America's Greater Everglades shelters threatened and endangered species, such as the Florida panther, manatee, American crocodile, Everglades snail kite, and fragrant prickly apple that are at risk of being submerged as sea levels rise to flood low-lying areas.

Other endangered species havens that must be saved are Hawaii--with the greatest number of threatened and endangered species of all the states, the Gulf Coast--home to more than 40 imperiled species on the front lines of sea level rise, the Snake River Basin--a unique habitat for salmon, bull trout, snails and clams, Greater Yellowstone--our nation's first national park, the California Bay Delta--important for salmon, sturgeon, steelhead, Swainson's hawk, and Smith's blue butterfly among other species and the Sierra Nevada ecosystem--the only habitat for the Sierra Nevada mountain yellow-legged frog, the Yosemite toad, and the Sierra Nevada bighorn sheep.

With so much of our natural heritage at stake, how can we sit back and let it go up in flames?

Obviously, we can't. We must act. And, this report outlines how.

Without question, we must aggressively reduce greenhouse gas pollution. Many of the ecosystems listed here--such as arctic sea ice and coral reefs--will not be saved without that step.

Additionally, we must exponentially increase existing conservation measures, such as eradicating invasive species, setting aside open space, creating wildlife corridors, and restoring wild lands. We must also head in new directions, such as preventing offshore oil and gas drilling in the Arctic and transforming how we manage California's water supply.

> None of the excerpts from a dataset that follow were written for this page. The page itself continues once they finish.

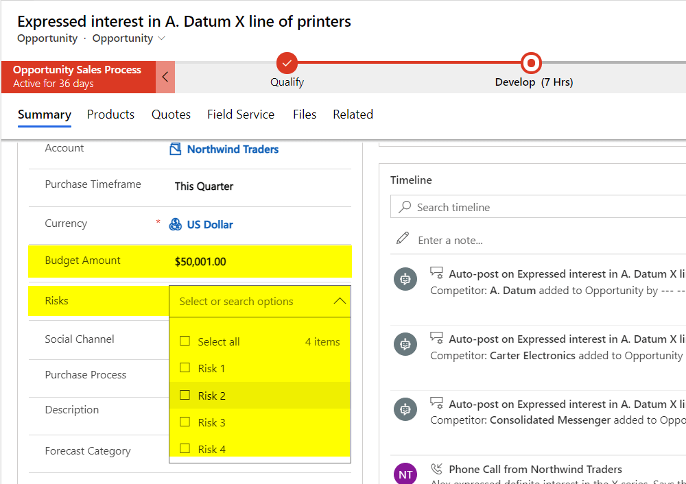 We will create a technical field (Yes/No) named “Need Approval” which will hold the result of (BUDGETAMOUNT >= 100000 OR (50000 <= BUDGETAMOUNT < 100000 AND (RISK = RISK 1 OR RISK = RISK 2)) which will be calculated using JavaScript Code.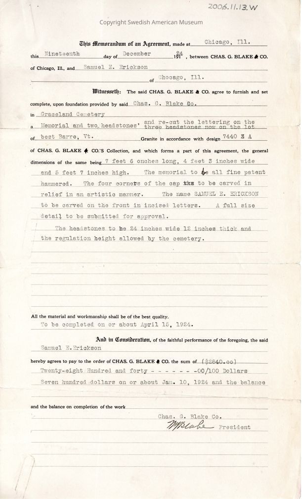 Form for Samuel Erickson's Headstone December 19, 1924.Acquisition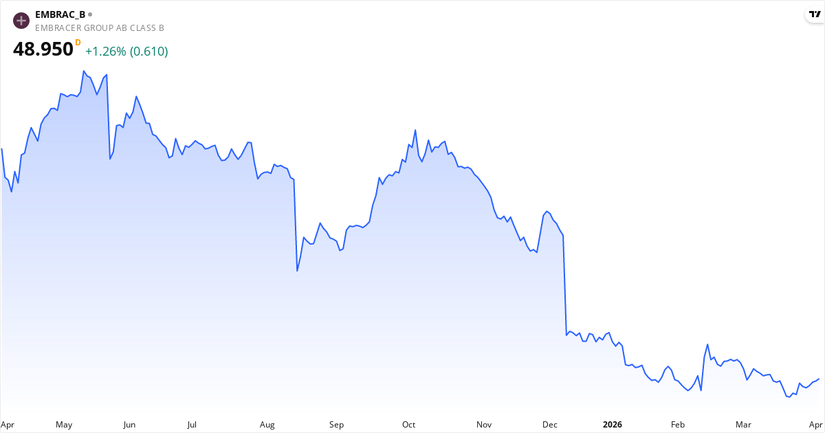 Death Cross: Der 50-Tage-Durchschnitt (49.60) liegt unter dem 200-Tage-Durchschnitt (79.92), was ein klassisches bärisches Signal für Embracer Group AB (publ) ist.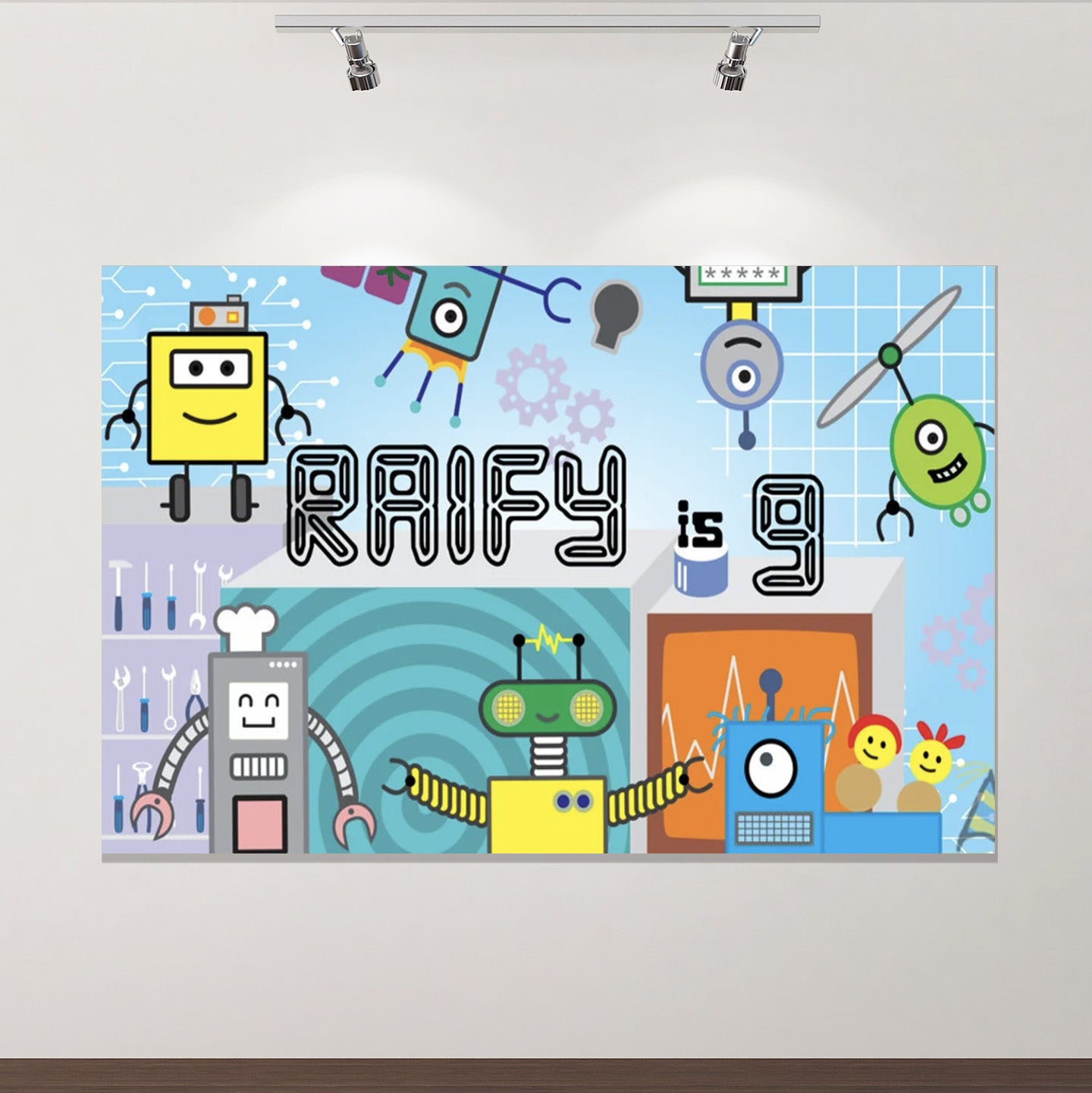 Custom Robot themed Birthday Poster Backdrop 60x40 Inch is backordered and will ship as soon as it is back in stock.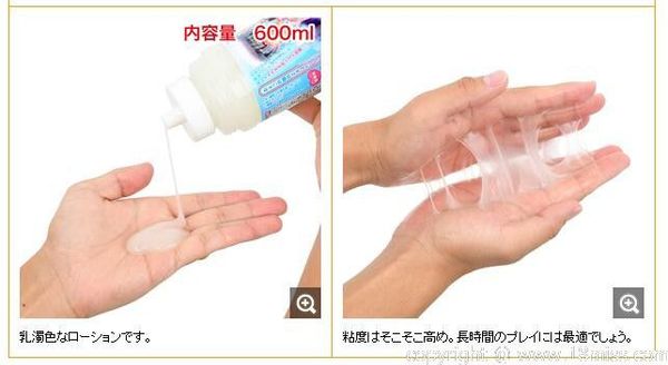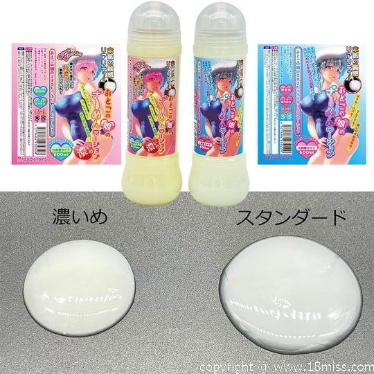 不需要再稀釋,直接就能使用的大容量潤滑液。顏色與質感也是非常講究,為了呈現那自然的感覺,經過好幾次的測試,並實際放在肚子上來做顏色的比較後才完成的「偽娘的精液」。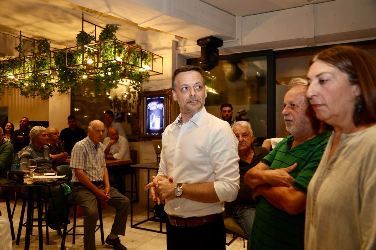 Ο κ. Δούκας μίλησε μπροστά σε στελέχη του κινήματος και φίλους του κόμματος, στον εσωτερικό χώρου του ”Παγοποιείου”, στο κέντρο της πόλης.

Whether drawing upon new or standard practices in our conservation toolkit, the urgency is higher than ever. Fortunately, one of the world's most effective wildlife laws, the U.S. Endangered Species Act, has powerful tools to protect species and their habitat from climate change. We must now invest significantly more in funding, political solutions and hands-on conservation in a massive effort to help ecosystems and species adapt.

By protecting these imperiled species, we will protect ourselves, ensure that our grandchildren have clean water, safeguard our coastal communities from the ravages of increasingly severe storms, and pass down America's unique natural heritage for future generations.